> Data excerpts:
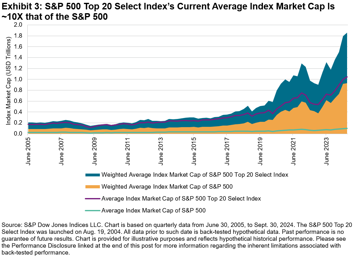 Some similar mega-cap index offerings, such as the S&P 500 Top 10 Index, the S&P 500 Top 20 Index and the S&P 500 Top 50 Index, use float-market cap (FMC) weighting with annual reconstitution. While performance may improve when the largest companies have higher weights in FMC indices, this can amplify concentration. By introducing capping mechanisms, the S&P 500 Top 20 Select Index Series helps increase diversification and reduce concentration risks.
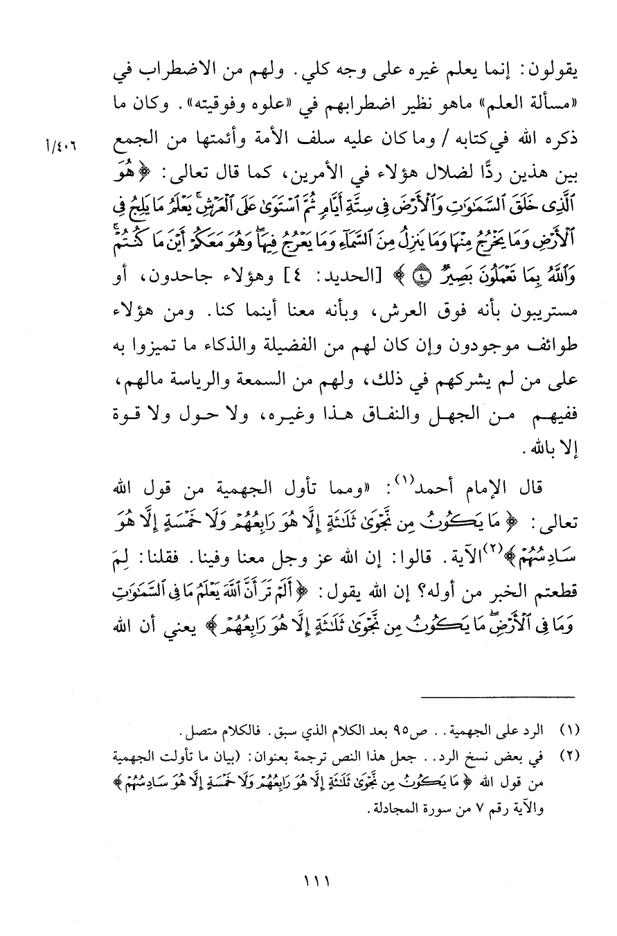 يقولون إنما يعلم غيره على وجه كلي ولهم من الاضطراب في مسألة العلم ماهو نظير اضطرابه في علوه وفوقيته وكان ما ذكره الله في كتابه وما كان عليه سلف الأمة وأئمتها من الجمع بين هذين ردًّا لضلال هؤلاء في الأمرين كما قال تعالى هُوَ الَّذِي خَلَقَ السَّمَاوَاتِ وَالْأَرْضَ فِي سِتَّةِ أَيَّامٍ ثُمَّ اسْتَوَى عَلَى الْعَرْشِ يَعْلَمُ مَا يَلِجُ فِي الْأَرْضِ وَمَا يَخْرُجُ مِنْهَا وَمَا يَنزِلُ مِنَ السَّمَاء وَمَا يَعْرُجُ فِيهَا وَهُوَ مَعَكُمْ أَيْنَ مَا كُنتُمْ وَاللَّهُ بِمَا تَعْمَلُونَ بَصِيرٌ {4} [الحديد 4] وهؤلاء جاحدون أو مستريبون بأنه فوق العرش وبأنه معنا أينما كنا ومن هؤلاء طوائف موجودون وإن كان لهم من الفضيلة والذكاء ما تميزوا به على من لم يشركهم في ذلك ولهم من السمعة والرياسة مالهم ففيهم من الجهل والنفاق هذا وغيره ولا حول ولا قوة إلا بالله قال الإمام أحمد ومما تأول الجهمية من قول الله تعالى مَا يَكُونُ مِن نَّجْوَى ثَلَاثَةٍ إِلَّا هُوَ رَابِعُهُمْ وَلَا خَمْسَةٍ إِلَّا هُوَ سَادِسُهُمْ الآية قالوا إن الله عز وجل معنا وفينا فقلنا لِمَ قطعتم الخبر من أوله إن الله يقول أَلَمْ تَرَ أَنَّ اللَّهَ يَعْلَمُ مَا فِي السَّمَاوَاتِ وَمَا فِي الْأَرْضِ مَا يَكُونُ مِن نَّجْوَى ثَلَاثَةٍ إِلَّا هُوَ رَابِعُهُمْ يعني أن الله
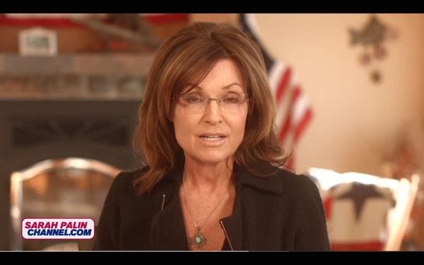 "Damn the factual torpedoes!" Palin screamed into the arctic wind. "Full snow-machine ahead!"
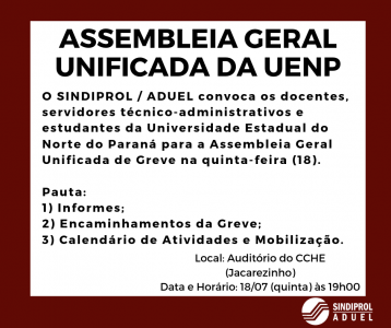 A mesa da plenária foi composta por Ronaldo Gaspar, presidente do Sindiprol/Aduel, e Fernanda Amorim dos Santos, estudante de pedagogia e representante do movimento estudantil. Nela, foi constituída uma comissão para redigir um documento final que vai ser apresentado às categorias e à comunidade com as discussões levantadas no seminário.
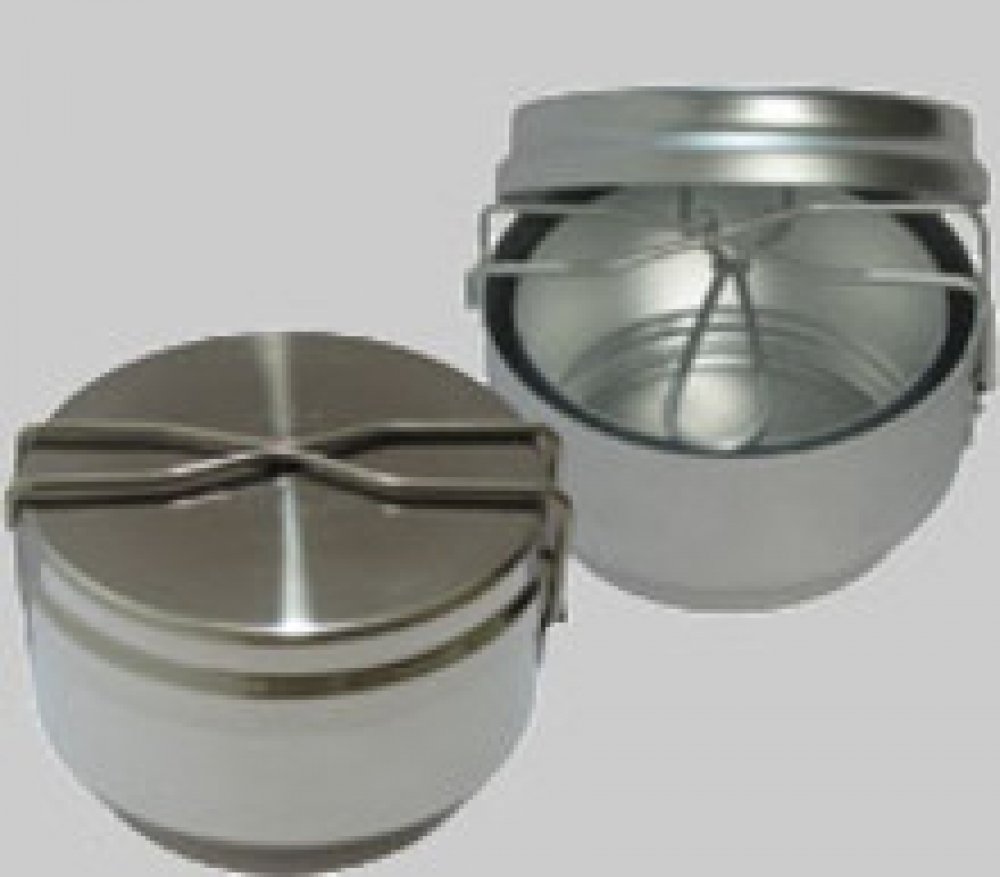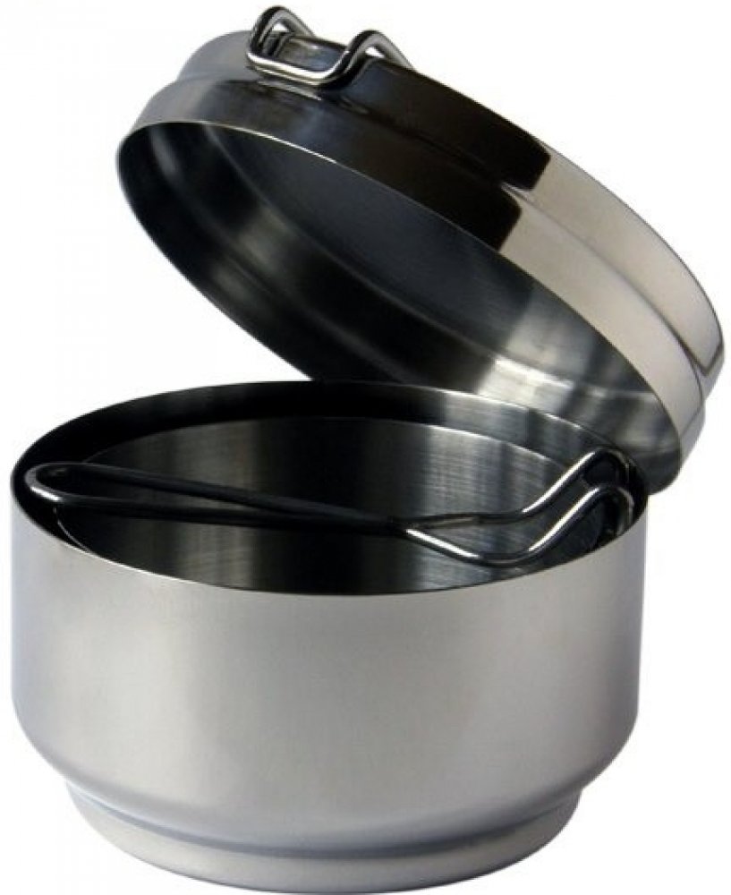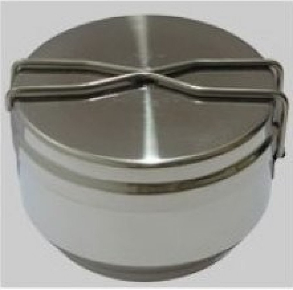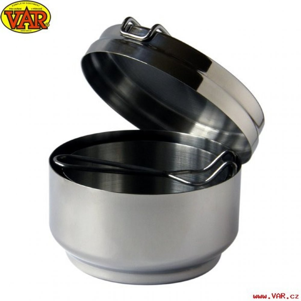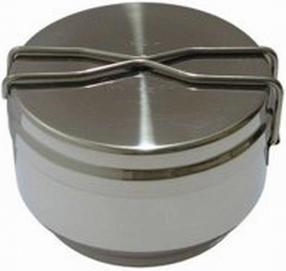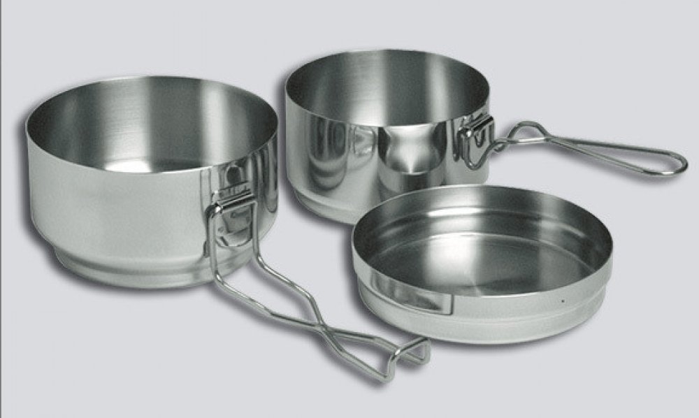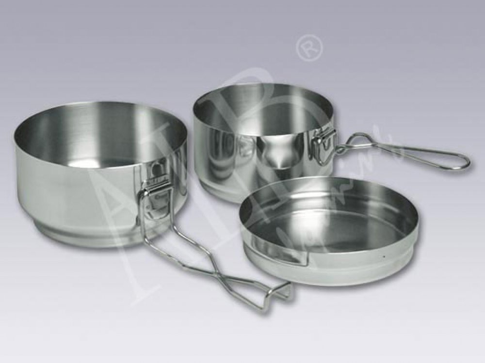 Klasický nerezový ešus - 1 větší nádoba s poklicí + 1 menší nádoba bez poklice. Obě nádoby mají sklopné rukojeti. Poklice se může použít též jako malá pánev.

> The task: Your task is to retype the records above in full and exactly, omitting the pictures.

> Exercise output:
 Some similar mega-cap index offerings, such as the S&P 500 Top 10 Index, the S&P 500 Top 20 Index and the S&P 500 Top 50 Index, use float-market cap (FMC) weighting with annual reconstitution. While performance may improve when the largest companies have higher weights in FMC indices, this can amplify concentration. By introducing capping mechanisms, the S&P 500 Top 20 Select Index Series helps increase diversification and reduce concentration risks.
 يقولون إنما يعلم غيره على وجه كلي ولهم من الاضطراب في مسألة العلم ماهو نظير اضطرابه في علوه وفوقيته وكان ما ذكره الله في كتابه وما كان عليه سلف الأمة وأئمتها من الجمع بين هذين ردًّا لضلال هؤلاء في الأمرين كما قال تعالى هُوَ الَّذِي خَلَقَ السَّمَاوَاتِ وَالْأَرْضَ فِي سِتَّةِ أَيَّامٍ ثُمَّ اسْتَوَى عَلَى الْعَرْشِ يَعْلَمُ مَا يَلِجُ فِي الْأَرْضِ وَمَا يَخْرُجُ مِنْهَا وَمَا يَنزِلُ مِنَ السَّمَاء وَمَا يَعْرُجُ فِيهَا وَهُوَ مَعَكُمْ أَيْنَ مَا كُنتُمْ وَاللَّهُ بِمَا تَعْمَلُونَ بَصِيرٌ {4} [الحديد 4] وهؤلاء جاحدون أو مستريبون بأنه فوق العرش وبأنه معنا أينما كنا ومن هؤلاء طوائف موجودون وإن كان لهم من الفضيلة والذكاء ما تميزوا به على من لم يشركهم في ذلك ولهم من السمعة والرياسة مالهم ففيهم من الجهل والنفاق هذا وغيره ولا حول ولا قوة إلا بالله قال الإمام أحمد ومما تأول الجهمية من قول الله تعالى مَا يَكُونُ مِن نَّجْوَى ثَلَاثَةٍ إِلَّا هُوَ رَابِعُهُمْ وَلَا خَمْسَةٍ إِلَّا هُوَ سَادِسُهُمْ الآية قالوا إن الله عز وجل معنا وفينا فقلنا لِمَ قطعتم الخبر من أوله إن الله يقول أَلَمْ تَرَ أَنَّ اللَّهَ يَعْلَمُ مَا فِي السَّمَاوَاتِ وَمَا فِي الْأَرْضِ مَا يَكُونُ مِن نَّجْوَى ثَلَاثَةٍ إِلَّا هُوَ رَابِعُهُمْ يعني أن الله
 "Damn the factual torpedoes!" Palin screamed into the arctic wind. "Full snow-machine ahead!"
 A mesa da plenária foi composta por Ronaldo Gaspar, presidente do Sindiprol/Aduel, e Fernanda Amorim dos Santos, estudante de pedagogia e representante do movimento estudantil. Nela, foi constituída uma comissão para redigir um documento final que vai ser apresentado às categorias e à comunidade com as discussões levantadas no seminário.
 Klasický nerezový ešus - 1 větší nádoba s poklicí + 1 menší nádoba bez poklice. Obě nádoby mají sklopné rukojeti. Poklice se může použít též jako malá pánev.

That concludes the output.